Я жду пояснений, которых он, судя по всему, давать не собирается. Он разводит руками, словно говоря: «Да, знаю, но… что вы хотите… это одно из противоречий художественного творчества».
— Должна же быть причина, разве нет?
Он будто бы нервничает, оттого что не может ответить. Он жестикулирует, ворчит что-то непонятное, я повторяю вопрос в прежнем виде. И тут я почувствовал, что зашел слишком далеко.
— А я, мой юный друг, хотел бы знать, почему вы сидите на краю кресла, опираясь всей тяжестью на лодыжку, которая только что доставляла вам такую боль.
Я ни минуты не раздумывал, у меня не было времени на сомнения — не знаю как, но моя рука сработала совершенно самостоятельно. Он возник словно наваха. Голый обрубок у него под носом.
Он старается не выказать ни малейшего удивления.
— Это хуже, чем я думал, — произнес он, почти не разжимая губ.
Он встает.
— Вы не думаете, что вам пора уходить?
Думаю. Конечно, я вышел за рамки. Поднимаясь, я засунул свой обрубок обратно в карман. Правда, кое-что меня еще интересует.

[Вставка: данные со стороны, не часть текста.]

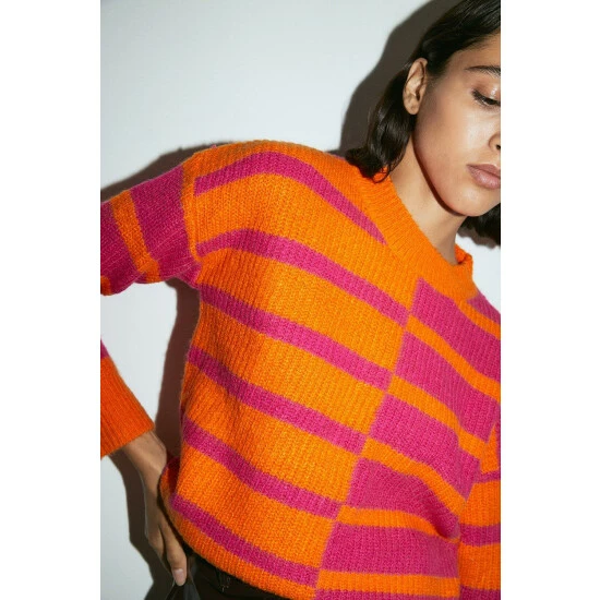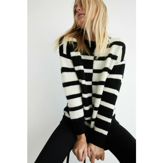 Style: Midweight JumperDesign: StripesFabric: KnittedLength: RegularNeckline: CrewSleeve Length: Long Sleeve

— Еще один вопрос, последний. Вы только что убедились, что я несу полную чушь, и тем не менее стали делиться со мной воспоминаниями. Я бы хотел знать, почему.
Он пожаловал меня беззлобным смешком.
— А это совсем просто, мой юный друг. Я стал отвечать вам с известным удовольствием, как только вы сознались, что вам плевать на современное искусство. Ибо, видите ли, что бы вы обо мне ни думали, вам не может быть больше наплевать на него, чем мне. И знаете ли, мне очень приятно иметь возможность признаться в этом.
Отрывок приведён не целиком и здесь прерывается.